Sang kakek mulai membacakan isi surat wasiat yang telah di tinggalkan oleh mendiang papa Raul. Beliau meninggal ketika Raul masih duduk di bangku SMP. Dan memang di dalam surat wasiat tersebut tercantum waktu kapan Raul boleh mengetahui isinya ketika dia berusia dua puluh lima tahun.
Sebuah angka dewasa untuk usia seseorang, namun sayangnya tidak untuk Raul.
"Apa? aku harus menikah dengan wanita yang tidak aku kenal? No ! Aku tidak mau!" seru Raul kepada kakeknya setelah mendengar isi dari surat wasiat tersebut.
"Kamu tidak bisa semau kamu sendiri Raul ! Ini wasiat dari almarhum papa kamu, apa kamu tidak kasihan jika arwah papamu tidak tenang di sana?" Bentak kakek Seno. Suaranya tak kalah keras dengan cucunya. Beliau sudah sedia alat pernafasan mini di tangannya jika sedang berada dalam posisi seperti ini. Bukan kali pertama, tapi memang akan selalu seperti ini jika mereka bicara empat mata.
Raul berdecak, dia tidak terima dengan isi surat wasiat tersebut. Dengan raut wajah yang kesal dia bertanya,
"Lalu siapa wanita yang harus aku nikahi, kalau muda cantik dan kaya aku mau. Tapi kalau jelek dan miskin , kakek sajalah yang nikah sama dia!"
"Raul, jaga bicaramu!" Geram Kakek Seno. Beliau segera meraih alat pernafasan lalu menyemprotkan ke mulutnya.
Nafasnya menjadi tidak beraturan jika lama lama berbicara dengan Raul.
Bukannya simpati pada sang kakek, Raul justru masih membahas soal warisan.
"Cepat katakan, siapa wanita yang harus aku nikahi?
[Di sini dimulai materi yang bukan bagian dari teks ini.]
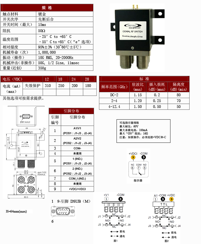 射频同轴继电器也称之为微波同轴继电器,它是由同轴高频接头作为射频引出端的射频继电器,由于同轴高频接头传输的微波信号具有频率高、频带宽、信息量大的特点,所以射频同轴继电器广泛应用于航海、通信、科技等领域的多路通信、中继通信、散射通信、移动通信、卫星通信、雷达系统、导航系统、电子对抗、测量检测等系统中。
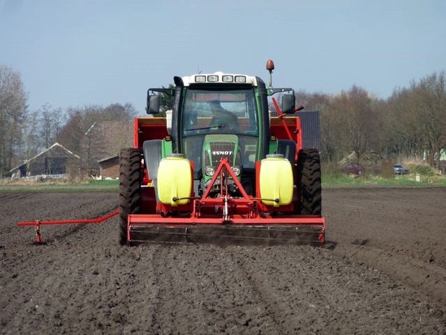 Akkerbouwbedrijf Jan Bos heeft afgelopen week de nieuwe Grimme GL 420 in gebruik genomen. De machine wordt hydraulisch aangedreven en is van veel gemakken voorzien. De Fendt 711 (2003) is voorzien van Trimble Auto Pilot.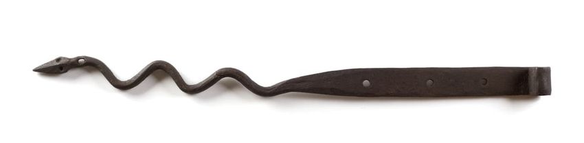 Wrought iron hing; half is flattened and the other half is twisted corkscrew-like with a pointed head.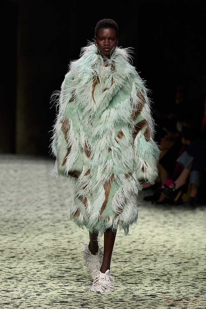 時裝系列和秀場的呈現(xiàn)宛如一場精致的拼接游戲,以創(chuàng)新型剪裁和工藝,以及多樣的廓形和技法,描繪出異想世界的奇妙生物。絨毛提花和Intreccio編織工藝被重新演繹,幻化為魚鱗和羽毛,綴于服裝和皮具之上。Murano玻璃則化身Sardine手袋上的透明手柄,呈現(xiàn)出鮮活靈動的豐富形態(tài)。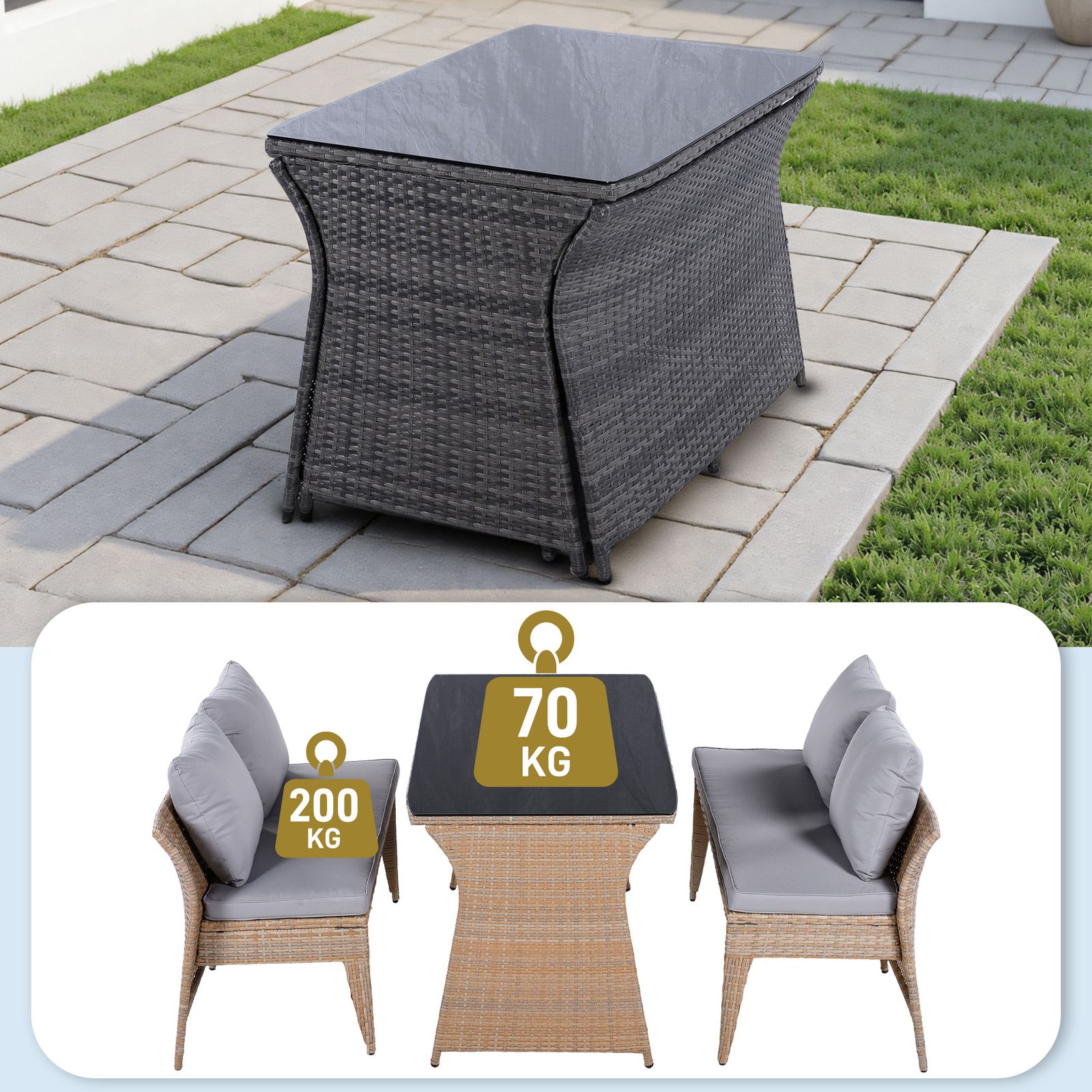 15 割 4人掛け ガーデン テーブル 3点セット ラタン調 ガーデンファニチャー ベランダテーブル ガーデンテーブル ガーデンチェアー コンパクト 屋外家具 グレー ベージュ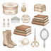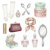 時を超えて愛され続ける、エレガントでノスタルジックなレトロコスメの魅力を、繊細な水彩画タッチで表現したクリップアートコレクションです。手鏡、香水瓶、コンパクト、ブラシ、リップスティック、真珠のネックレス、手袋など、古き良き時代の女性たちが愛用した美しいアイテムを厳選し、一つ一つ丁寧に描き上げました。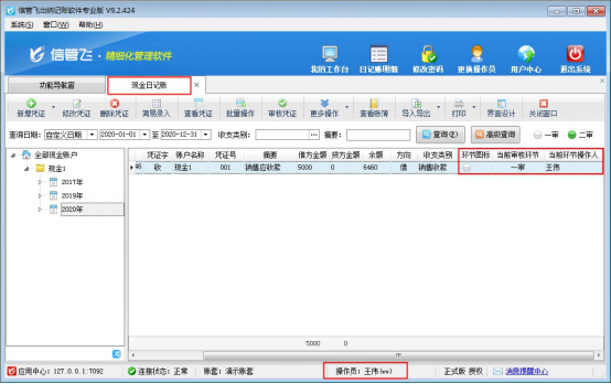 操作員“張亞”登錄軟件,在現金日記賬中找到剛才一審的現金日記賬,點擊“審核”,可看到“當前審核環節”變為“二審”如下圖所示: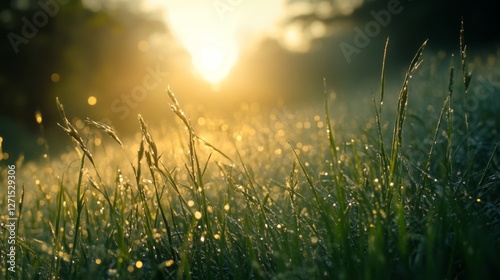 Dew-kissed grass at sunrise with sunlight streaming through blades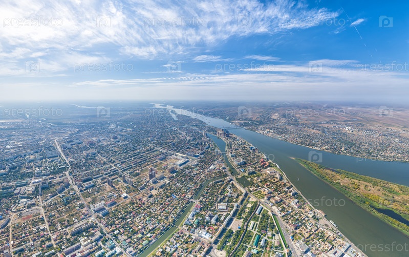Астрахань, Россия. Панорама города с воздуха летом. Река Волга и остров Городстой. С высоты птичьего полета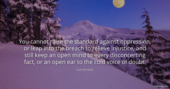 Hand, Learned. "You cannot raise the standard against oppression, or leap into the breach to relieve injustice, and still keep an open mind to every disconcerting fact, or an open ear to the cold voice of doubt." FixQuotes. January 17, 2026. https://fixquotes.com/quotes/you-cannot-raise-the-standard-against-oppression-54428/.
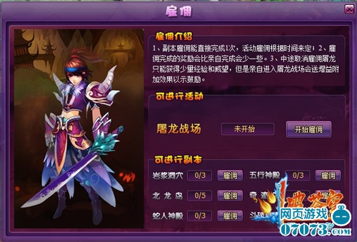 打开雇佣系统的副本界面,在扣除一定的钱币后,选择你想要快捷完成的游戏副本,在活动开启时,佣兵就会为你去屠龙斩将;当活动结束后,你就能够领取经验和威望。如此简单快捷,是在你分身乏术之时的最佳选择!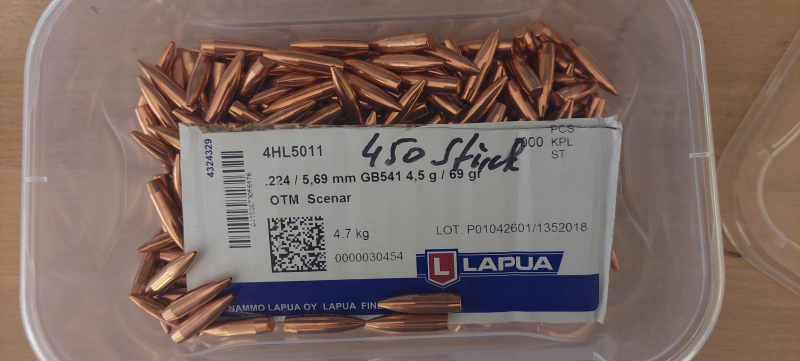 Bitte hier 450 Stück Lapua OTM Scenar 69 gr,100 Stück Hornady Match BTHP 52gr und 160 Stück Hornady Match BTHP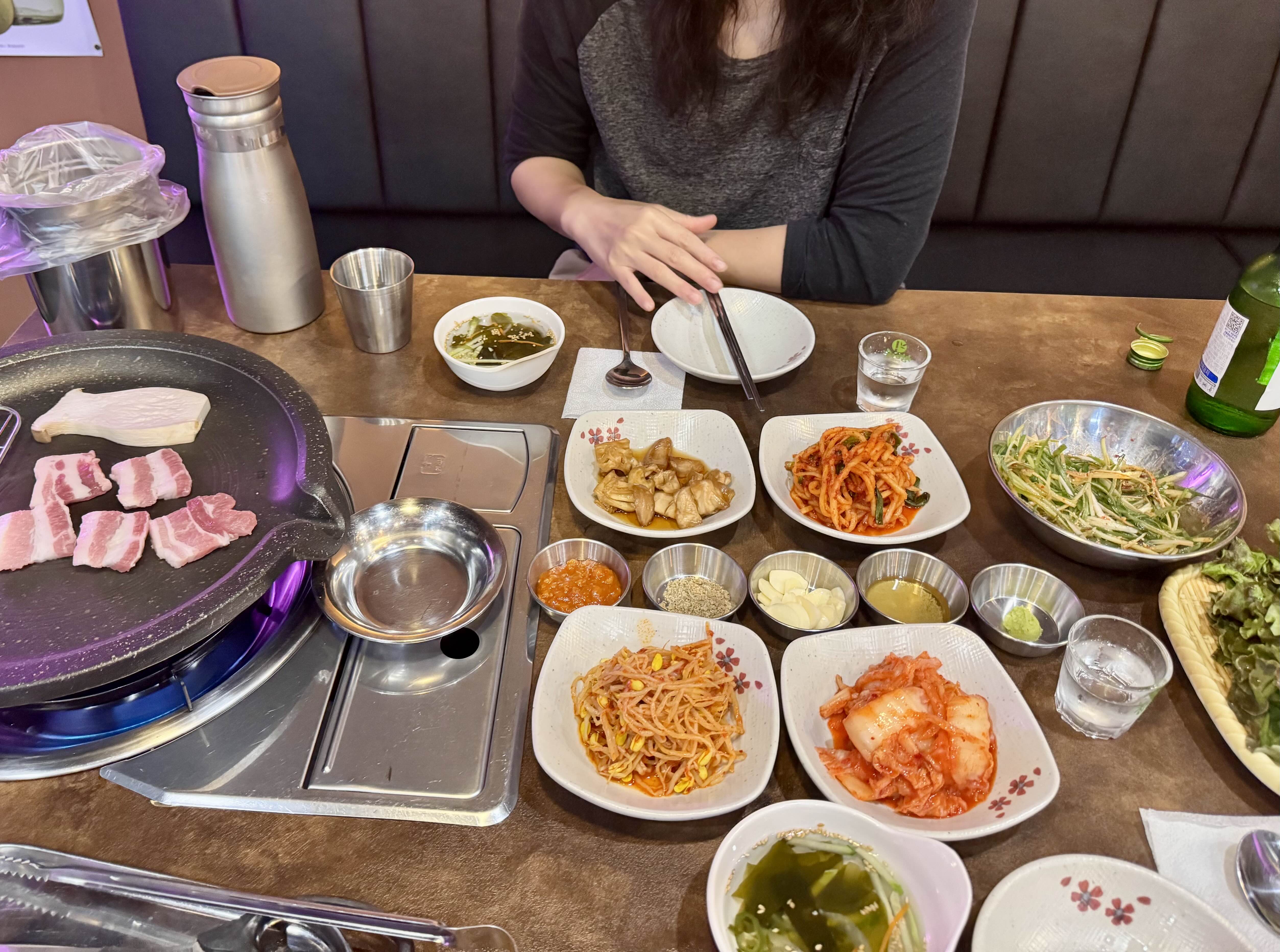 저녁이 되자 집 앞 고깃집으로 갔다.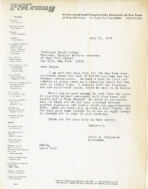 This July 25, 1978 lfrom Professional Staff Congress (PSC) President Irwin Polishook to Professor Ralph Ledley, chairman of the Faculty Welfare Trustees, requested that the Trustees estimate the costs of health coverage for "approximately 2000" uncovered adjunct personnel.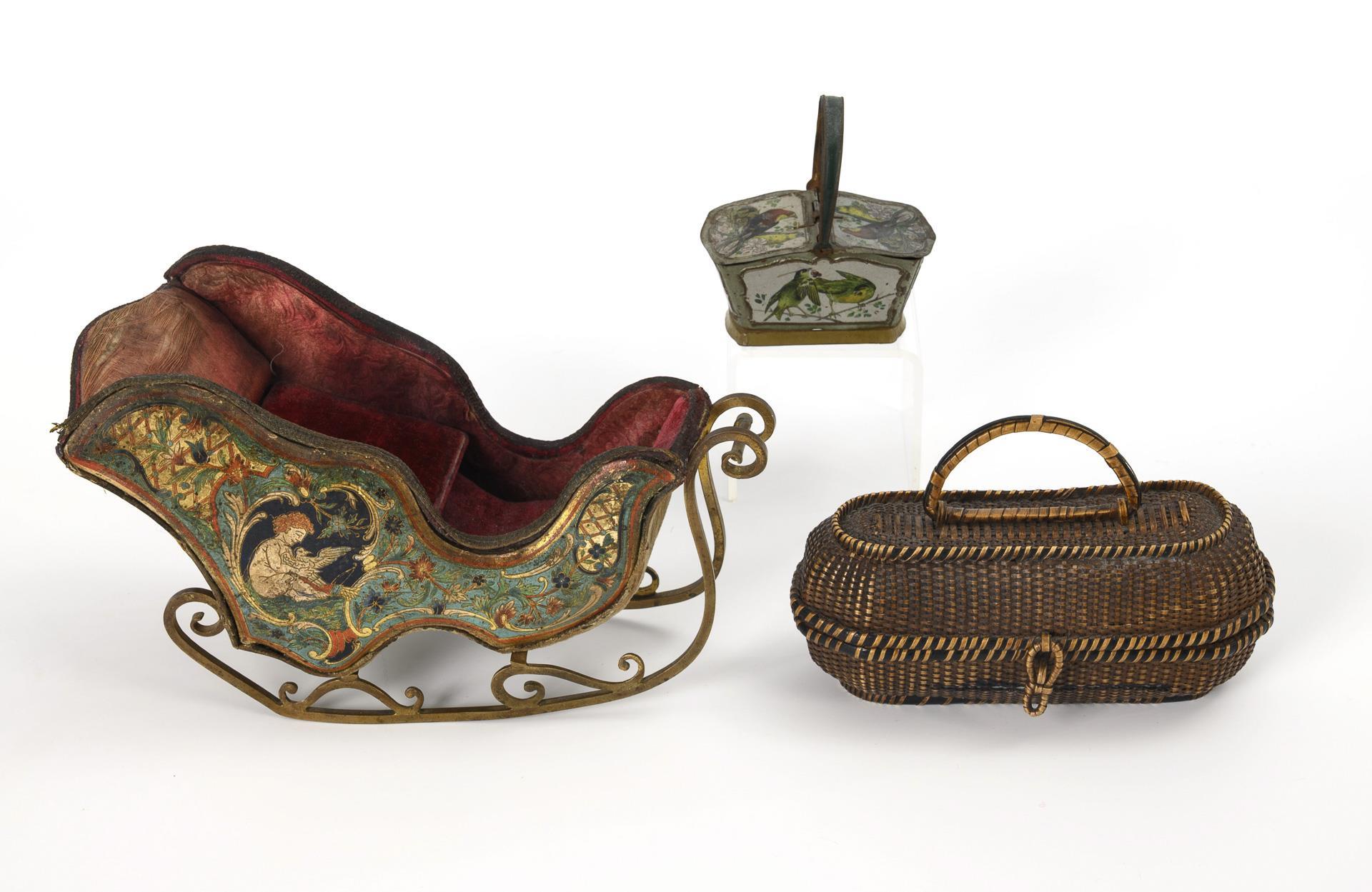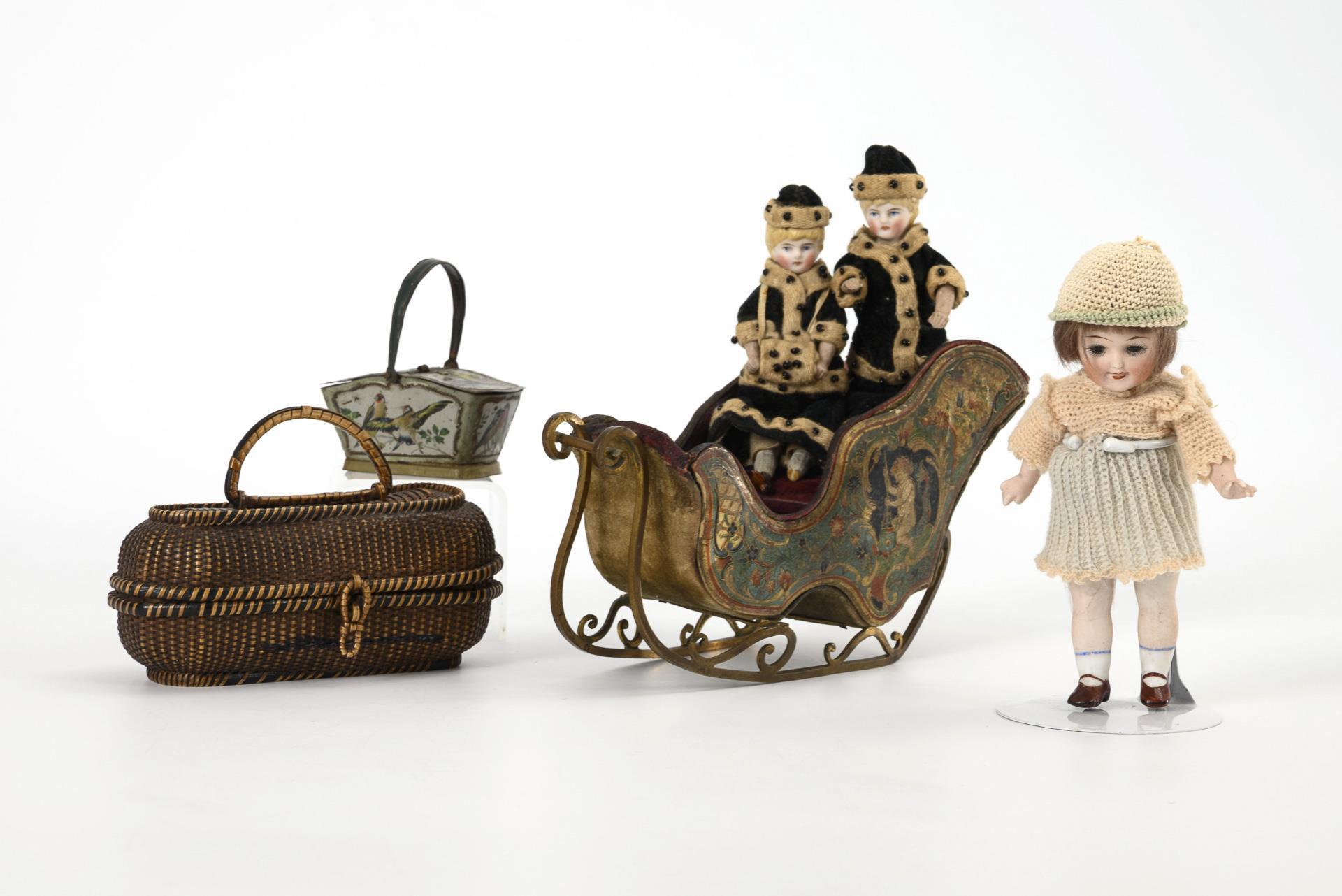 Sie befinden sich hier: Startseite Kategorien Spielzeug Konvolut mit Schlitten, 3 Püppchen und 2 Körben für die Puppenstube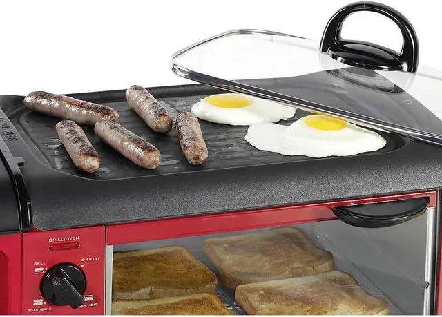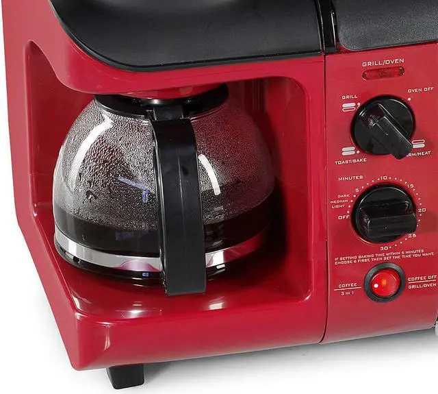Bring the family together and make a complete breakfast with just one appliance. Enjoy a cup of Coffee with the four-cup Coffee maker, then treat the family to a variety of breakfast meats and eggs cooked on the large, non-stick griddle. The multi-functioning toaster holds up to four slices of bread at a time, and is perfect for 7-inch frozen pizzas, hot sandwiches, desserts and more. For added safety, A 30-minute timer is included with automatic shut off. When the meal is done, the griddle and oven tray remove for easy cleanup.
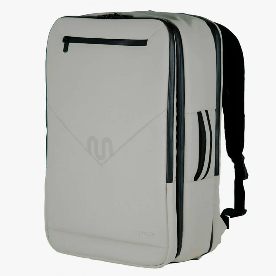Anstatt eines Kabinentrolleys kann man auch Rucksäcke wie den Onemate Apollo als Handgepäck mit in das Flugzeug nehmen. Dieser ist dank des gepolsterten Rückens, der Stufenlos verstellbaren Schultergurte sowie des Brust- und Hüftgurtes besonders komfortabel und flexibel zu transportieren. Die Reiseutensilien lassen sich in der Reißverschluss-Vortasche und im großen, seitlich aufklappbaren Hauptfach (welches ähnlich aufgebaut ist wie ein Koffer) mit zahlreichen Innenfächern und einem 17,3 Zoll Laptopfach unterbringen. Bei Bedarf kann das Volumen des Onemate Apollo Rucksack dank der Reißverschluss-Dehnfalte um bis zu 10 Liter erweitert werden. Das verarbeitete Material ist strapazierfähig, leicht zu reinigen und wird aus recycelten PET-Flaschen gewonnen.

Biar aku segera menjadi pewaris tunggal dan biar kamu nggak perlu ngatur ngatur lagi keuanganku!"
Setelah Papa Raul meninggal, Mamanya sudah menikah lagi dan tinggal bersama keluarga barunya, sehingga di kediaman yang begitu besar tersebut mereka hanya tinggal berdua dengan beberapa orang asisten rumah tangga.
"Namanya Azzalea, putri dari rekan papamu sendiri. Besok kakek antar ke rumahnya" jawab sang kakek setelah berhasil mengatur kembali nafasnya.
"Sekarang saja pak tua, kalau cocok nanti malam langsung nikah aja agar mulai besok pagi semua aset berpindah ke namaku!" Cakap Raul seenak jidat. Dia benar benar seperti orang yang tidak pernah makan bangku sekolahan.
"Cocok atau tidak cocok, kamu harus menikah dengan dia. Paham!" tegas kakek Seno.
"Lihat saja nanti!" jawab Raul sambil berlalu meninggalkan sang kakek tanpa ada rasa bersalah karena telah membuat kakek Seno hampir kehilangan nafas. Susah dan pelan , namun pasti. Itu cara kakek Seno selama ini mengasuh cucunya.
Malam itu pun dia berhasil membawa Raul bertemu calon istrinya yang bernama Azzalea, kerap di sapa Lea.Setelah kedua pihak keluarga berbincang, akhirnya hari pernikahan pun di tetapkan.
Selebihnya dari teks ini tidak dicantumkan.